Only the stretch below from the line holding "indicó Estrada Porrúa." through the line holding "اشارت بعض الأنباء" should be restated, word for word and with both ends included; pictures stay out.

### [SUPPLIED INFORMATION]
########################################
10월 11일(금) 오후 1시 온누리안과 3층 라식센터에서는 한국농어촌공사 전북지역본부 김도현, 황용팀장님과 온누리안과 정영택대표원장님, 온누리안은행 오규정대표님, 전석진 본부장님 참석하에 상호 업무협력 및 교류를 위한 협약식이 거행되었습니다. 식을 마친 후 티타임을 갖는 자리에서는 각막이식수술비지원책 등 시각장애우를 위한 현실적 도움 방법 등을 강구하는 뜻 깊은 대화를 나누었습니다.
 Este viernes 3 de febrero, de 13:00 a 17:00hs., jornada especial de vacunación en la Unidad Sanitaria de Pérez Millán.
########################################
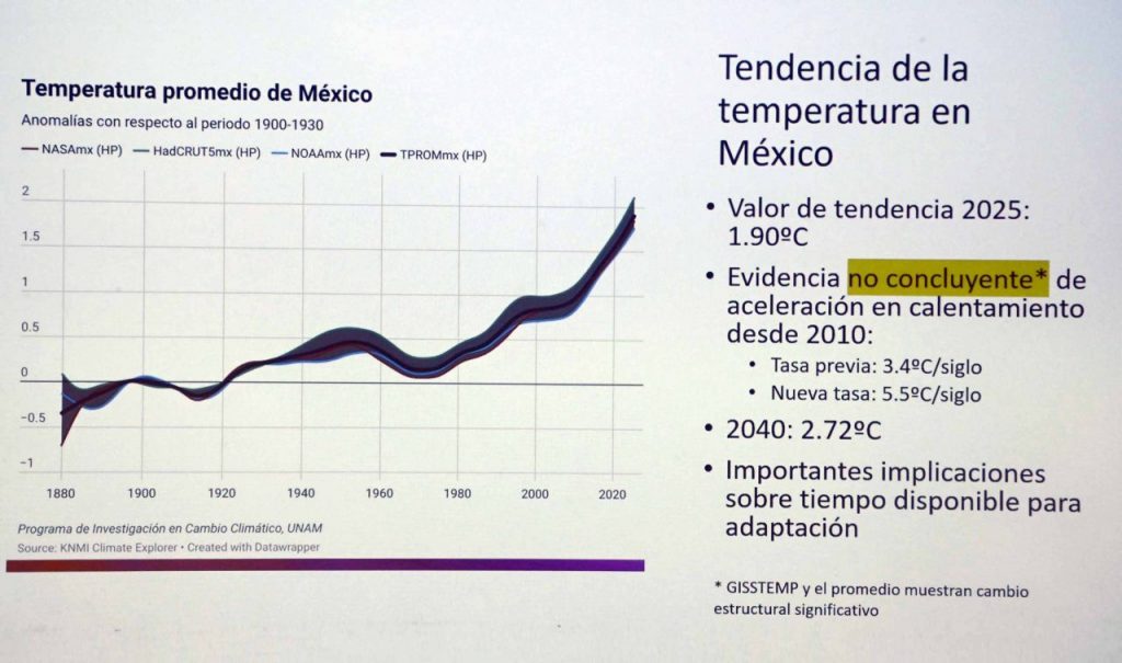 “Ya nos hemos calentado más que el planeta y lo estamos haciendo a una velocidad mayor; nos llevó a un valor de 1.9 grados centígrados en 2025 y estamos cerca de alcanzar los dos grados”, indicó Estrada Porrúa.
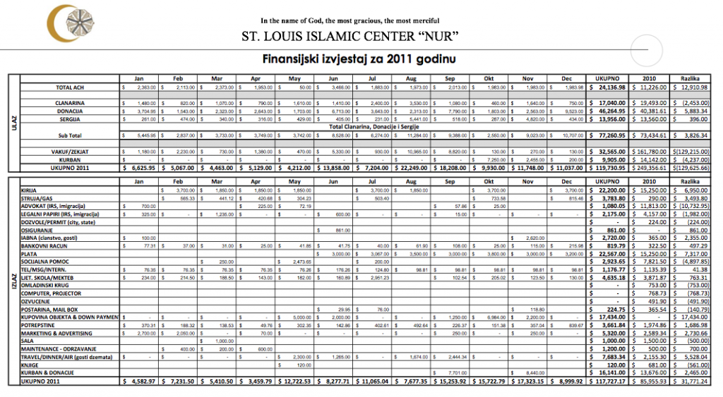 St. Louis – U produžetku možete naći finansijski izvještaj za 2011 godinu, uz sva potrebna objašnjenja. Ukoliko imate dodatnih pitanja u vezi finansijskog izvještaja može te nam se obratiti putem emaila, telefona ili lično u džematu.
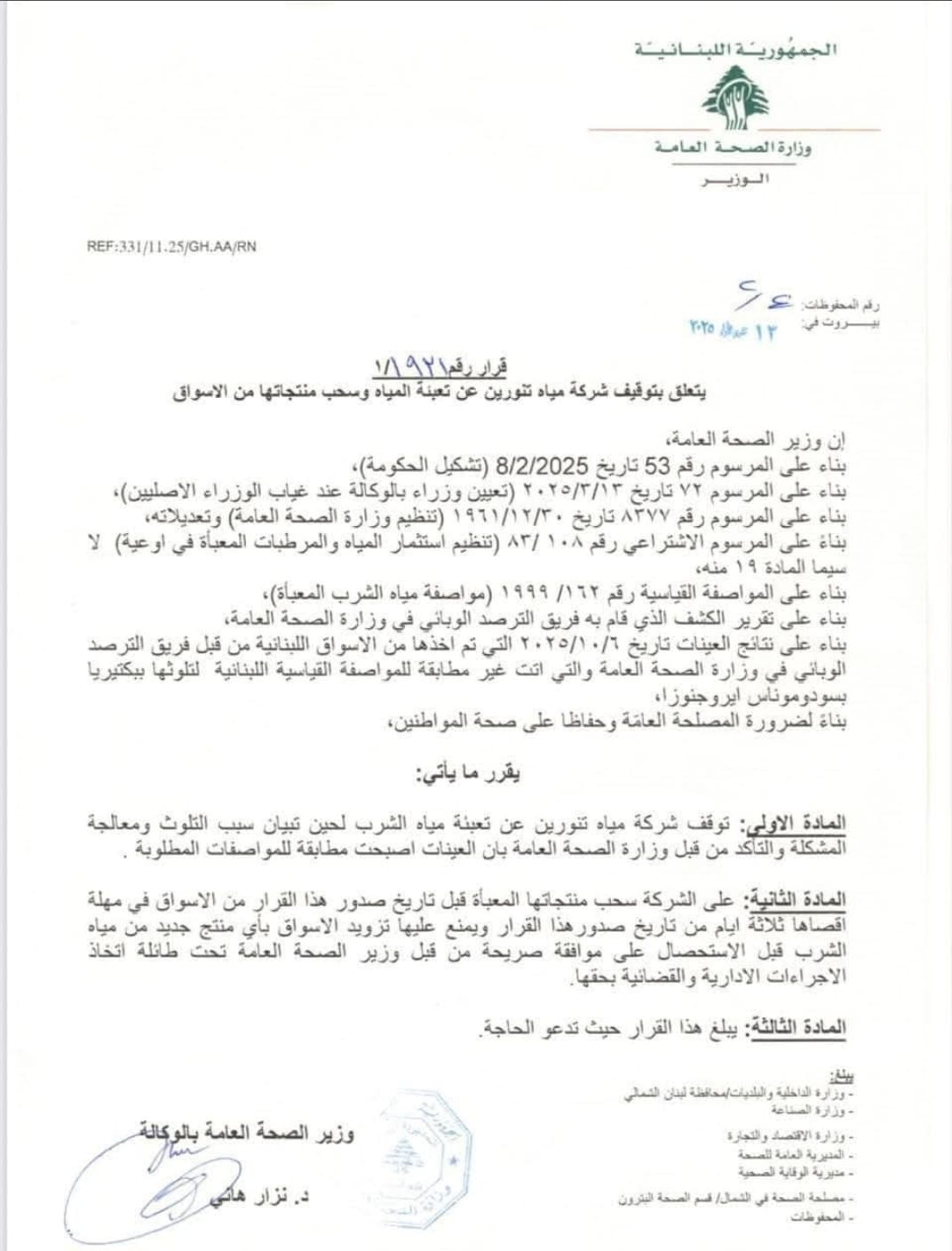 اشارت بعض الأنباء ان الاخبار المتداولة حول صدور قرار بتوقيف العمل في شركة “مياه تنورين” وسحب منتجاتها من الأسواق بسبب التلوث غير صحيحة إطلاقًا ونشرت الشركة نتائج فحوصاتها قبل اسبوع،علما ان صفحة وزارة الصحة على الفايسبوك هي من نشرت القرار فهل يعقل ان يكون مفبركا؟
########################################
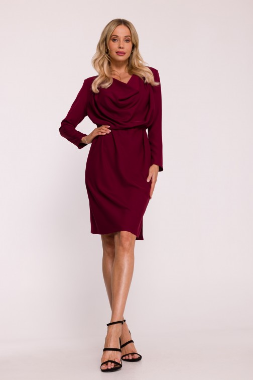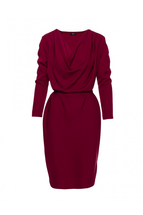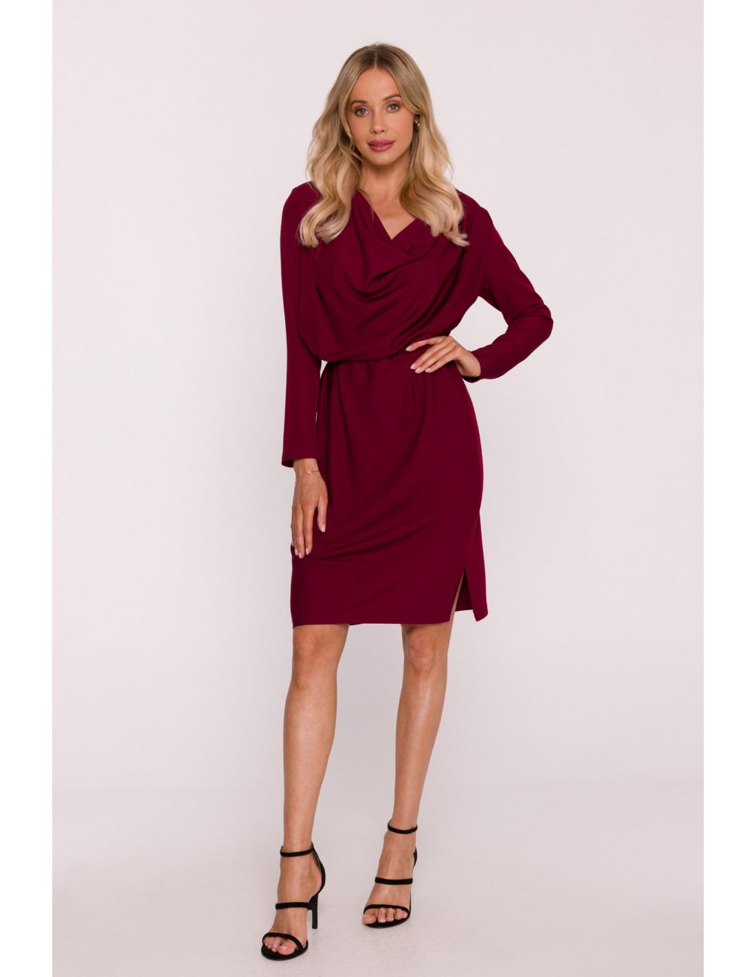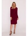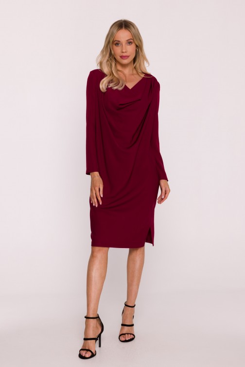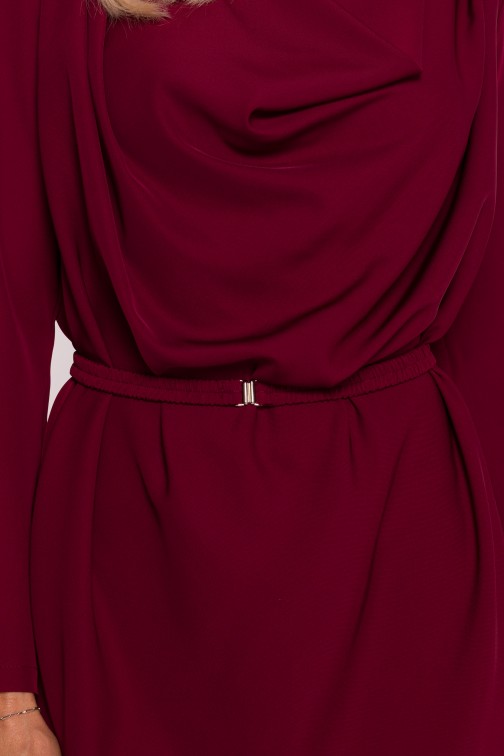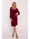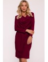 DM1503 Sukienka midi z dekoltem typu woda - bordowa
########################################
### [ANSWER FOR THE TASK]
 “Ya nos hemos calentado más que el planeta y lo estamos haciendo a una velocidad mayor; nos llevó a un valor de 1.9 grados centígrados en 2025 y estamos cerca de alcanzar los dos grados”, indicó Estrada Porrúa.
 St. Louis – U produžetku možete naći finansijski izvještaj za 2011 godinu, uz sva potrebna objašnjenja. Ukoliko imate dodatnih pitanja u vezi finansijskog izvještaja može te nam se obratiti putem emaila, telefona ili lično u džematu.
 اشارت بعض الأنباء ان الاخبار المتداولة حول صدور قرار بتوقيف العمل في شركة “مياه تنورين” وسحب منتجاتها من الأسواق بسبب التلوث غير صحيحة إطلاقًا ونشرت الشركة نتائج فحوصاتها قبل اسبوع،علما ان صفحة وزارة الصحة على الفايسبوك هي من نشرت القرار فهل يعقل ان يكون مفبركا؟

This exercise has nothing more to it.